Like most subway systems the train lines on the system are each a different colour. The station junctions are a square or rectangle – and each has a number as well as a name.
Stations are marked with a letter and a number. The letter stands for the subway line. So for instance the letter G stands for the Ginza Line, the letter H stands for the Hibiya Line. The only tricky ones are the letter Z standing for the Hanzomon Line, the letter E standing for Oedo, and the letter I standing for Mita. The number stands for the train station.
There is a clear key to the map in the bottom right corner.
Working out your fare can be tricky. Once in a station look near or around the ticket machines for a map that illustrates the fares you need pay. The station you are at is marked in red and says “This Sta”. As the train stops move away from the station you can see the fare prices increase. Choosing your destination is not hard as you can see both Japanese and English place names are on the map. You find the point you want to depart your train and that is the ticket fare. If you are travelling as a family the Adult prices are in black and red prices are for children.
Next you need to buy a ticket. Some ticket machines offer an English option. Some we encountered did not. The buttons on the left side have clearly marked ticket options. So you select the price of the ticket on the screen.
From the left hand side panel choose the number of people traveling, in our case it was 2 adults that wanted a ticket. We actually memorised the buttons we had to push as we did occasionally encounter machines with no English options.
Next follow the arrows to the train that will take you in the right direction. Usually the side of the platform you need to stand on are clearly marked.
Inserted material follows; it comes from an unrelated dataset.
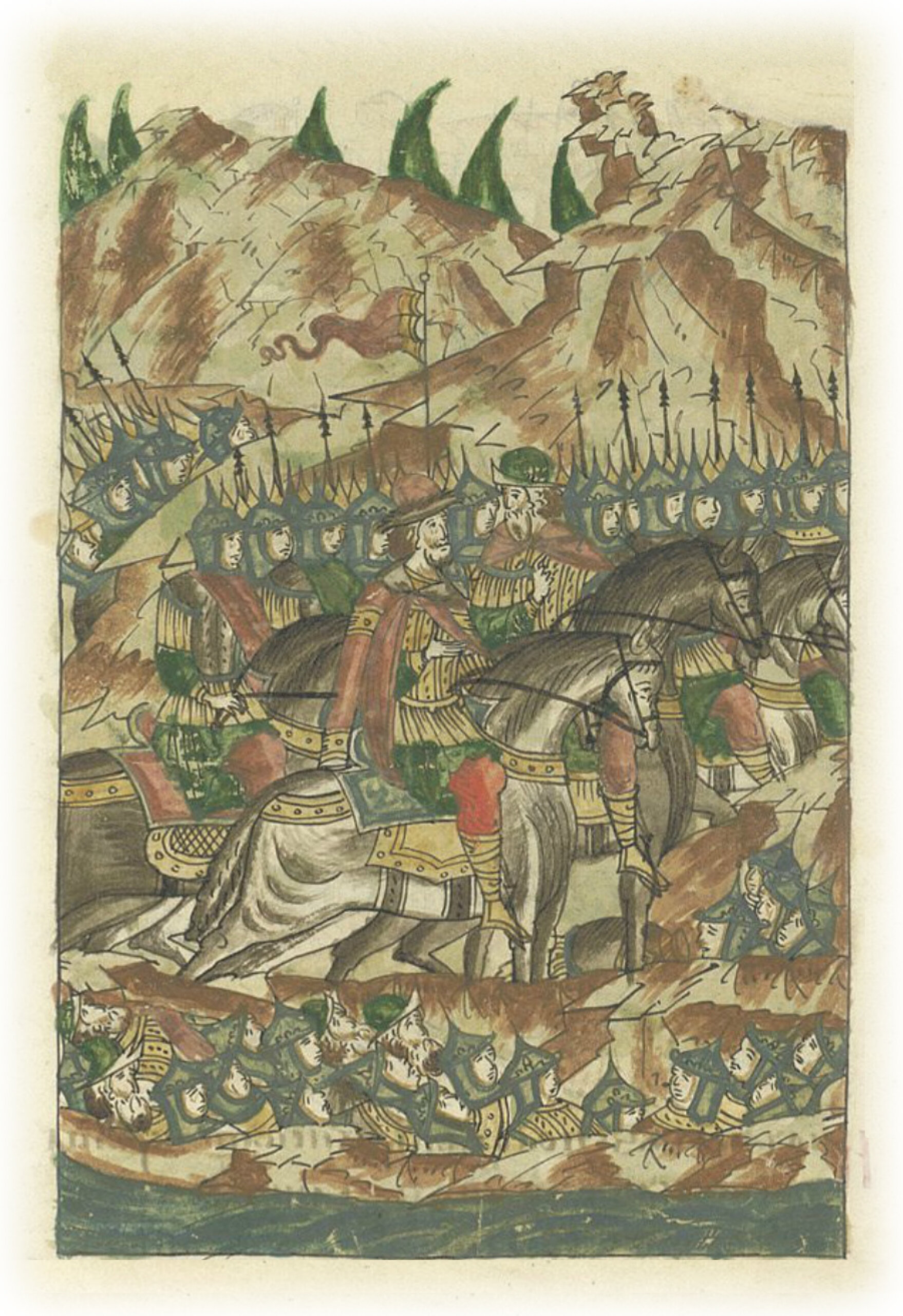 Воеводы царя Ивана Васильевича, разделившись, идут в погоню за царем Емгурчеем.

Tips for while you are in the train.
If you try and read the train station stops and you have no Japanese you will quickly lose confidence. Train stations do have the english equivalent in small letters underneath but reading travellers stories I think people get so dazed that they don’t see them. I did not attempt to read the English place name particularly when one place name can sound similar to another to my ear. I found it just lead me to confusion. Instead I counted the stops. In most trains stations the numbers are clearly seen but there is always the odd station where they are not. So keep it simple and count the stops as you go. Most have the name in Japanese, and an English version underneath in smaller letters, as well as a number. When looking from the train, the letter + number are set in large font, with a smaller letter/number on either side – this indicates the direction of travel so you know very quickly if you are going the right direction.
We did not travel in peak hour but I really can’t see why so many people report finding this system confusing as with a bit of thought and attention to your surroundings it is an easy, cheap and interesting way to travel around Tokyo.
I hope people who are thinking of visiting Tokyo find this article useful.